Que dit le Robert historique de la langue française? Il explique le premier sens, donc celui de "dépouiller de sa peau". Puis il précise:
Par affaiblissement de sens, le verbe signifie (1205-1250, pron., puis v. 1230) "blesser en entamant superficiellement la peau", sens assez usuel au pronominal. ◊ Au figuré, le verbe s'emploie au sens de "faire mal moralement" (1193-1197) et de "causer une sensation désagréable" (1280) ◊ Écorcher prend au XVIe siècle le sens de "déformer, prononcer de travers" (1532, Rabelais), toujours vivant (écorcher un mot), et de "détériorer (une chose) en entamant la surface" (1598). Écorcher les oreilles (1665) signifie "offenser l'ouïe"; par métaphore, le verbe prend le sens (1673, Molière) de "demander un prix excessif" (écorcher les clients).

Alors ça c'est passionnant!
Passionnant de constater la fortune sémantique du verbe écorcher qui, tout au long de l'histoire de la langue française, fait naître de nouveaux sens et de nouvelles expressions.

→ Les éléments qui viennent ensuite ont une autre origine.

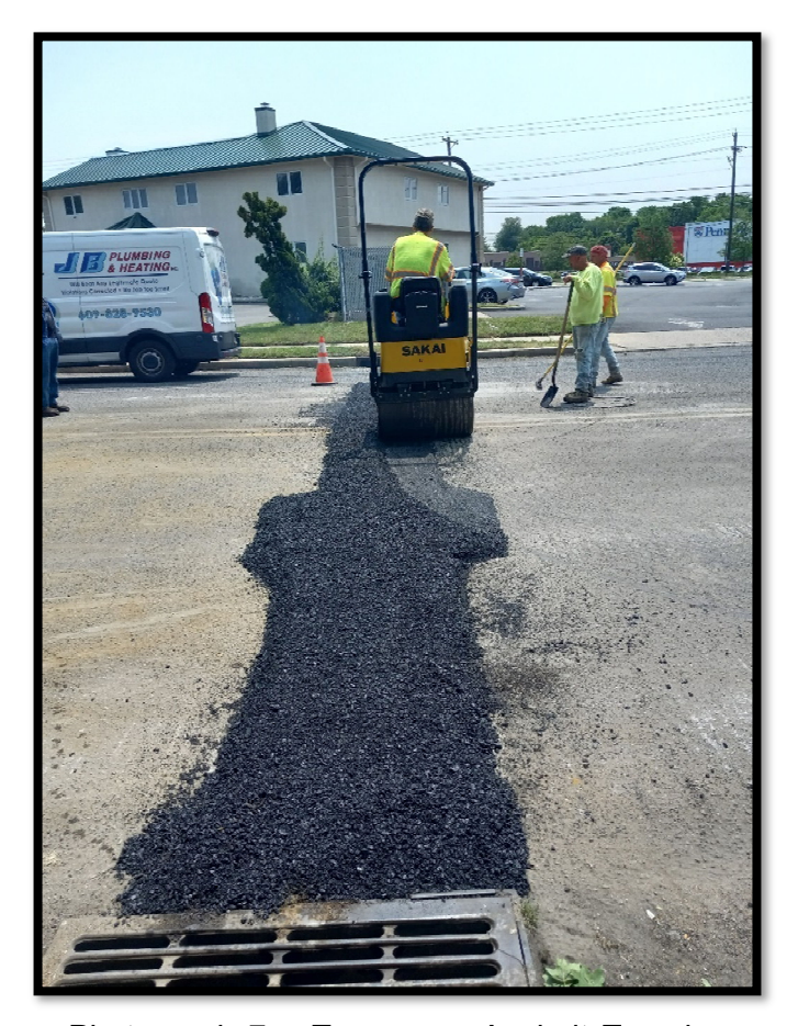
Photograph 7 – Temporary Asphalt Trench Restoration for 12" Cement Lined Ductile Iron Pipe installed for cross-drain from the inlet at Station 103+40L.

Mais passionnant ausi pour deux raisons.
D'une part parce que le sens de écorcher tel qu'on l'a employé dans l'expression traduite supra vient d'abord au XVIe siècle de la langue (je parle là de l'organe), passe un siècle plus tard aux oreilles, pour au XXe siècle revenir à l'intérieur de la bouche et enfin se disséminer sur la totalité du visage avec la gueule. Et on peut dès lors se demander pourquoi, à un moment de l'histoire, telle partie du corps plutôt qu'une autre est sollicitée, retient l'attention du langage? Était-il plus important au XVIIe siècle d'entendre parfaitement, d'avoir l'oreille fine? Était-il plus important au XXe siècle de garder un visage intact, de… faire belle figure, pour employer une autre expression?
D'autre part, l'expression récente écorcher la bouche/la gueule montre indirectement ce que j'insinuais plus haut à propos de la langue française. Cette hiérarchisation, ce rapport de force et de pouvoir que peut induire le langage entre deux personnes. Les locuteurs semblent manifester le besoin d'exprimer que quelqu'un leur parle mal, est inconvenant dans le langage que tel ou telle emploie. Ce qui dit aussi une autre expression: Ça te/lui ferait mal de dire que…?
En d'autres termes, le langage peut blesser, blesser au point d'écorcher. Et être écorché, c'est sans retrouver plus qu'à nu, mais sans protection, sans possibilité de se défendre des attaques extérieures. Confer le fait divers, ce juge qui s'adresse aux prévenus en employant des mots compliqués et incompréhensibles. Qui dès lors les aliène. Les aliène, c'est-à-dire les rend étrangers. Étrangers à leur propre langage. Fremmedord. Des mots étrangers qui rendent étrangers. Qui écorchent: les oreilles, la langue, la gueule.

Alors quoi? Que faire? Que dire? Comme le père dans le roman qui ne sait pas quoi dire. Ne rien dire? Comme Serge Gainsbourg et Anna Karina.